En tant que citoyen suisse non kazakh (le pays d’Asie centrale n’autorise pas la double nationalité), Max Schneeberger se tient volontairement à l’écart des sujets politiques: il souhaite plutôt contribuer par son action à ce que les jeunes Kazakhs deviennent des citoyens responsables et politiquement émancipés.
En tant que seul Suisse vivant en permanence dans le pays, il est régulièrement invité à des manifestations organisées par l’ambassade de Suisse: «J’y rencontre des délégations de politiciens suisses et des représentants de la société civile locale», explique Max Schneeberger. Par exemple Yevgeniy Zhovtis, le directeur du «Bureau des droits de l’homme et de l’État de droit», une organisation non gouvernementale indépendante à Almaty.

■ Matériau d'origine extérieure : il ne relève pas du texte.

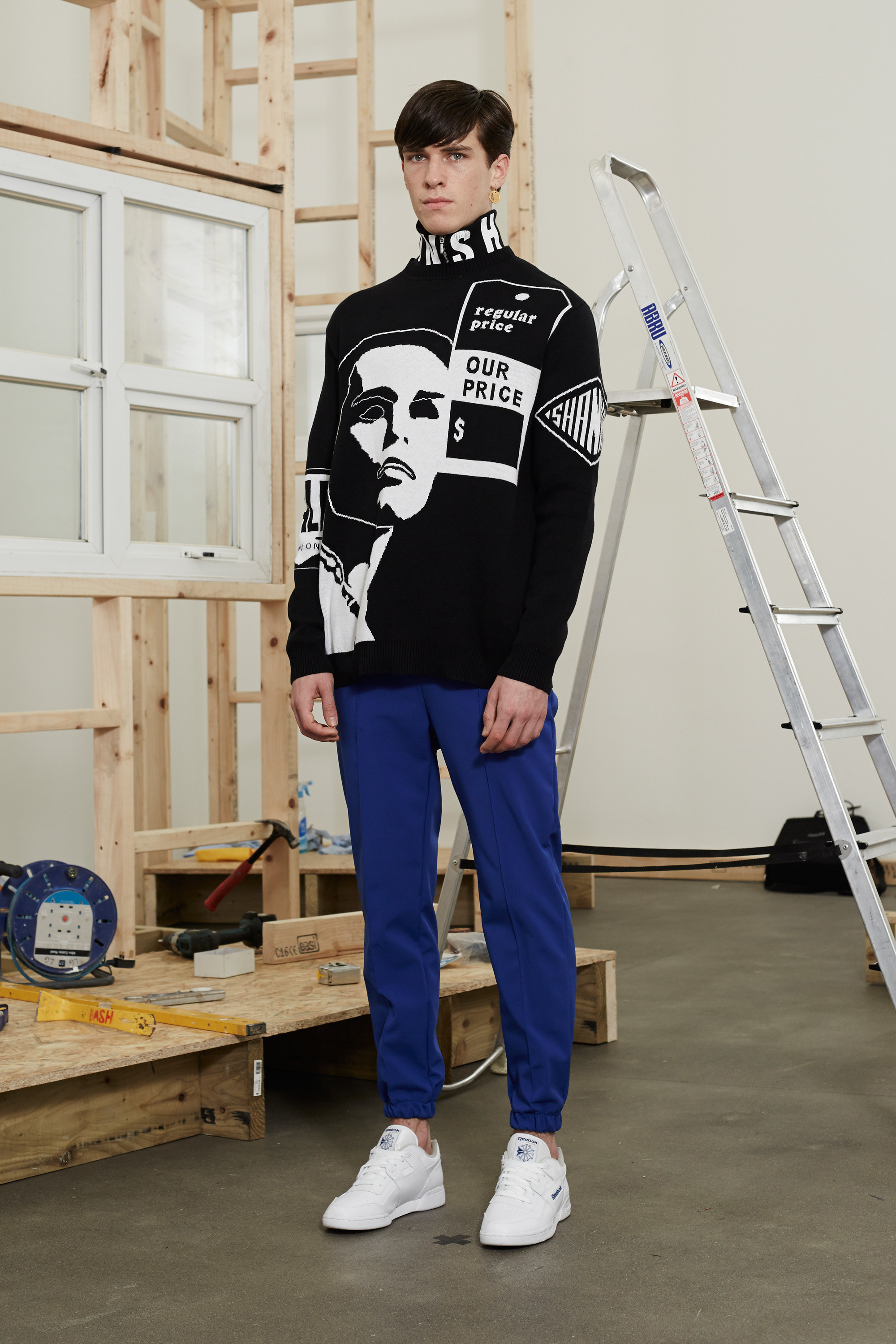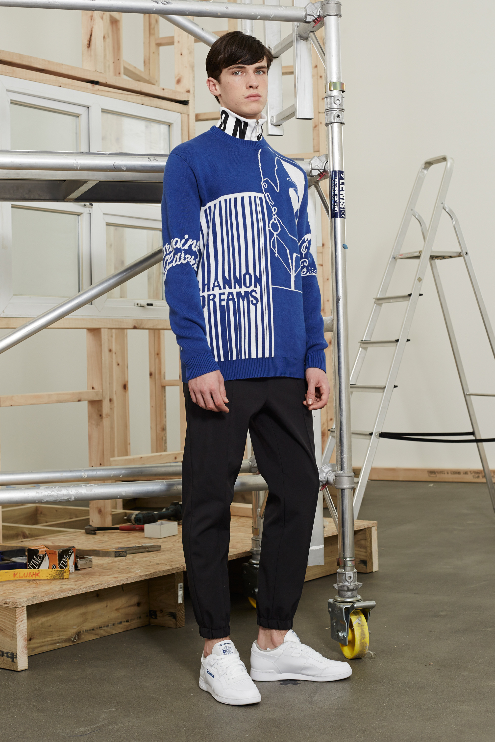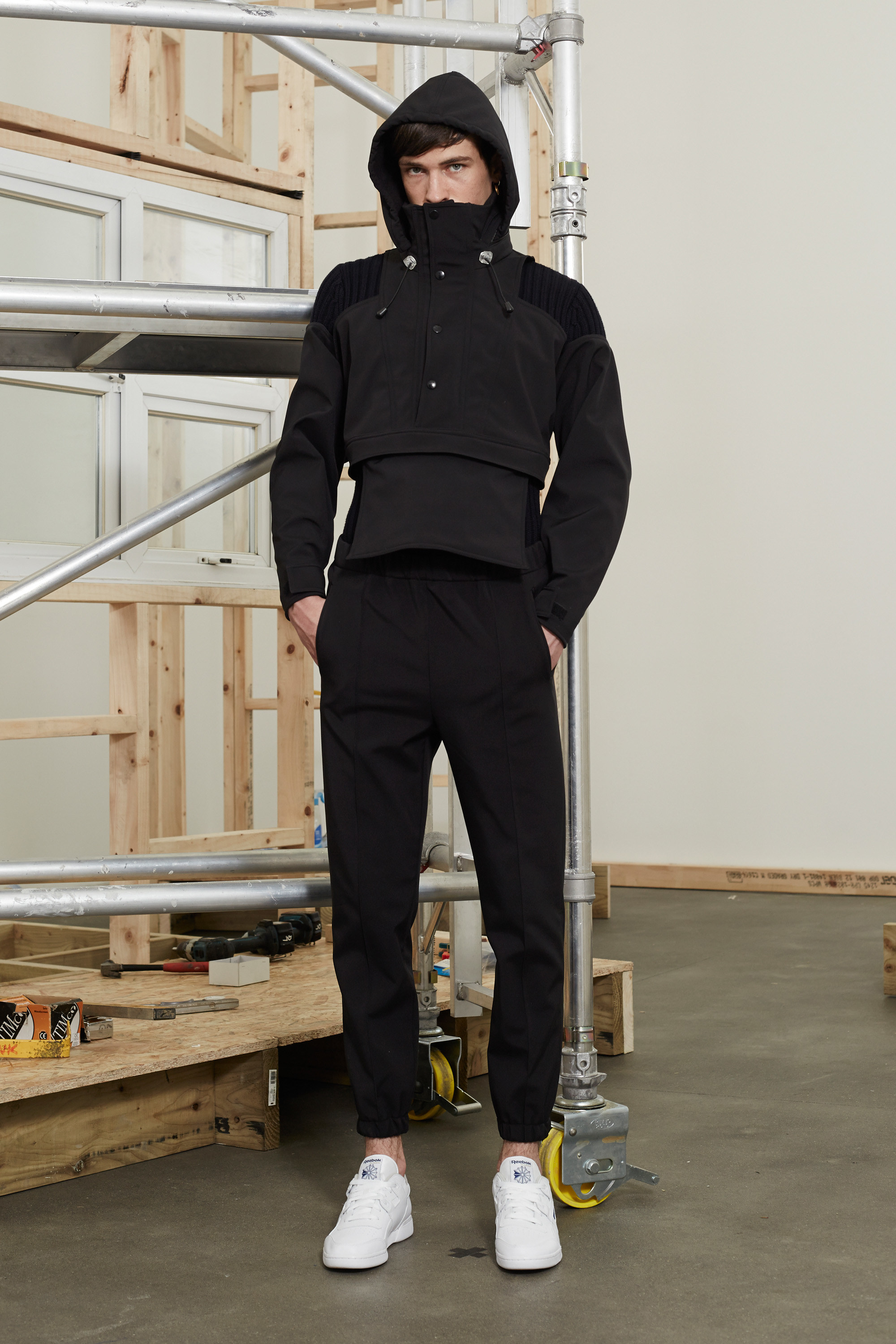 When Shannon chose “comfort and horror” as the title and the inspiration for this outing, he was thinking about the suburbs of Liverpool, the northern English city he grew up in—the comfort of home, but the horror of being trapped there. The towering wooden structures at the center of the presentation came replete with PVC-framed windows. They wound up resembling the bare timber bones of a semi-detached home, the sort built in the much-repudiated mock-Tudor style by British construction firm Barratt. Those crop up on otherwise green and pleasant lands across the whole of the north of England—a comfort, and a horror.

Le Kazakhstan est toujours coincé dans une ère postsoviétique, souligne Yevgeniy Zhovtis: «Nous ne sommes ni une démocratie moderne ni une dictature totalitaire, mais nous avons un régime qui sait souvent naviguer assez habilement entre les différentes parties». Cela inclut la manière dont le Kazakhstan traite avec la Russie et la Chine, ses grands voisins au nord et à l’est, tout en entretenant des relations étroites avec l’Occident. Les relations avec la Suisse en font également partie et, comme tant d’autres choses au Kazakhstan aujourd’hui, elles représentent un exercice d’équilibre – pour les deux parties.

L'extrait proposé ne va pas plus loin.